#### [WORK ORDER]
Would you print the records below from the first line through the line containing "2月18日,游客在萝卜·元宵·糖球会上选购糖球。", skipping the pictures?
BEGIN RECORDS FOR THIS TASK
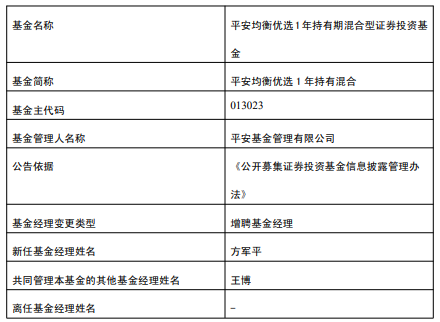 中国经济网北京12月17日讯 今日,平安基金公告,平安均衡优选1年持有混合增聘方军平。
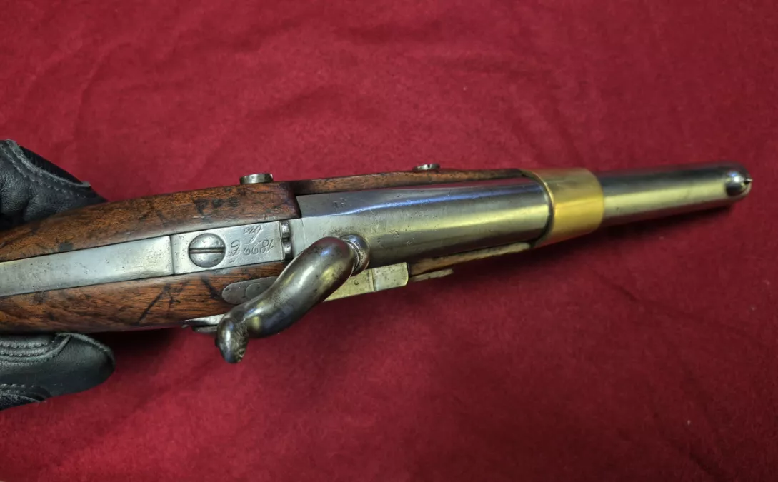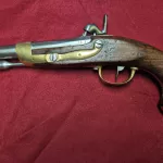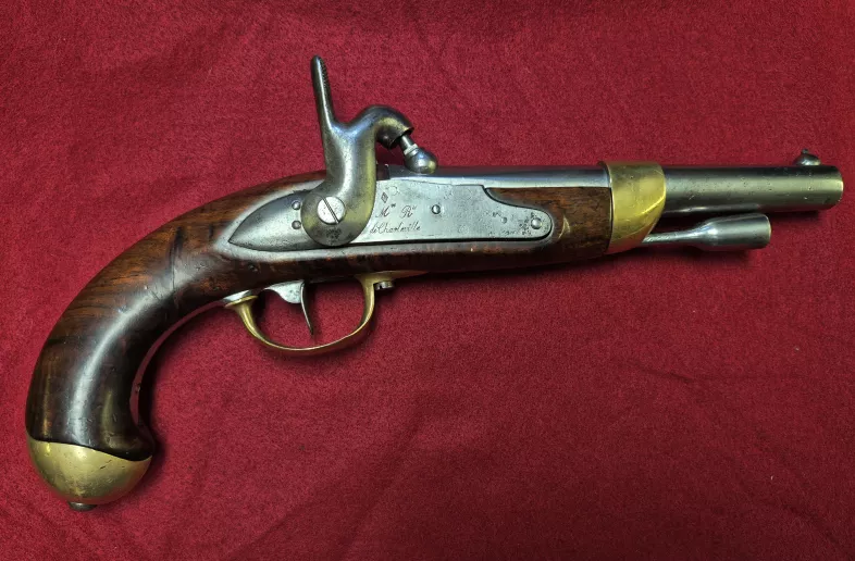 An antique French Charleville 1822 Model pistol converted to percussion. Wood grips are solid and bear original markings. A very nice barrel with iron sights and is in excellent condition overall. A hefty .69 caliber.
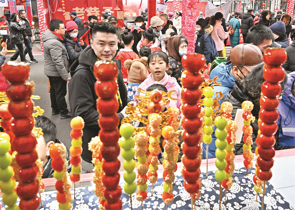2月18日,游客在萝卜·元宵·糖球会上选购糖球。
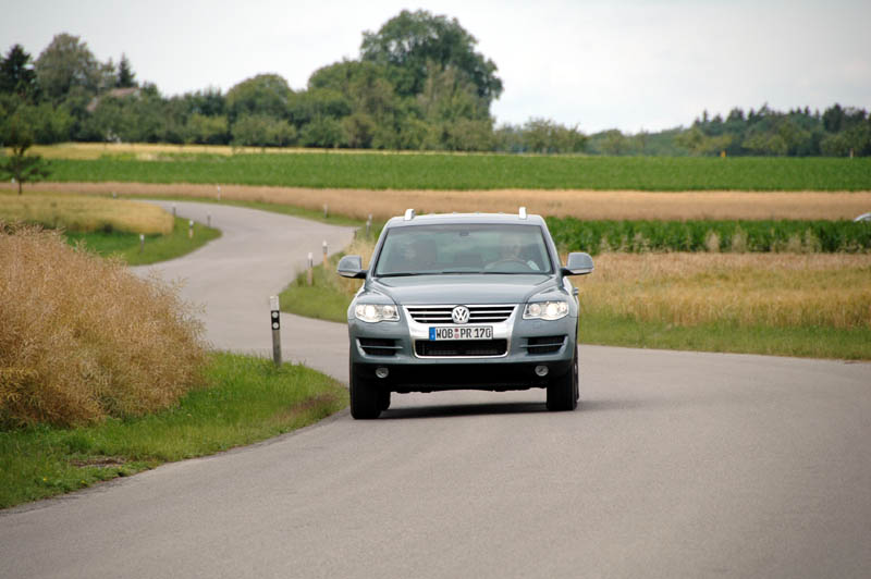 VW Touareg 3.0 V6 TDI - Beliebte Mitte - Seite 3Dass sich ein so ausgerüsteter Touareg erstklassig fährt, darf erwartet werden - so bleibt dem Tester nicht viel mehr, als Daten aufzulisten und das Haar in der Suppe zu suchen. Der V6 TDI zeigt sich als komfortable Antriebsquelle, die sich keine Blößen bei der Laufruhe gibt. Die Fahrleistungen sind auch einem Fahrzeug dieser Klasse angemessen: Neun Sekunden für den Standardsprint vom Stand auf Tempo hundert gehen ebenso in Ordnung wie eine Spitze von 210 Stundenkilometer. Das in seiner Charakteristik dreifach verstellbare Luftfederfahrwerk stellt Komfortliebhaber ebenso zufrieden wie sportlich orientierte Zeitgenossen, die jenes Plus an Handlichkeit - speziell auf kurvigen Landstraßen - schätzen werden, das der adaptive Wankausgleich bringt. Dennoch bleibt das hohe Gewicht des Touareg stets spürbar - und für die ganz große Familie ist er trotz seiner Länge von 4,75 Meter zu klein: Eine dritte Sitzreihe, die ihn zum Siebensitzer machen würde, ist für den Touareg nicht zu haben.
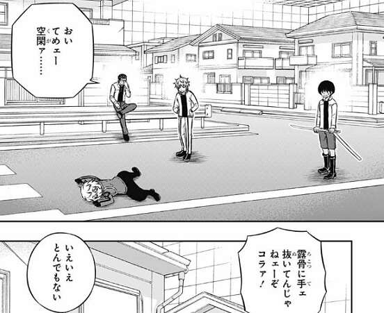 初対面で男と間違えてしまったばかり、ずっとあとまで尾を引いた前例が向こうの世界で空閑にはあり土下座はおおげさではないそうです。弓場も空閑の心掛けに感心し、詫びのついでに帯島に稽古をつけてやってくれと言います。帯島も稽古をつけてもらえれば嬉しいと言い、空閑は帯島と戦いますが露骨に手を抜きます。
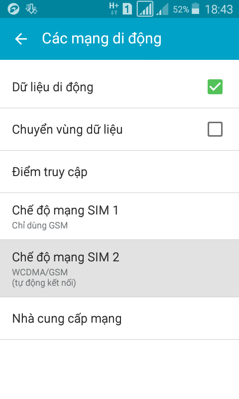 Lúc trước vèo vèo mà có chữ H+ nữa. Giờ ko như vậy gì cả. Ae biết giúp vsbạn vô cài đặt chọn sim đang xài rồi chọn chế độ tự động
END RECORDS FOR THIS TASK
#### [SOLUTION TO THIS EXERCISE]
 中国经济网北京12月17日讯 今日,平安基金公告,平安均衡优选1年持有混合增聘方军平。
 An antique French Charleville 1822 Model pistol converted to percussion. Wood grips are solid and bear original markings. A very nice barrel with iron sights and is in excellent condition overall. A hefty .69 caliber.
2月18日,游客在萝卜·元宵·糖球会上选购糖球。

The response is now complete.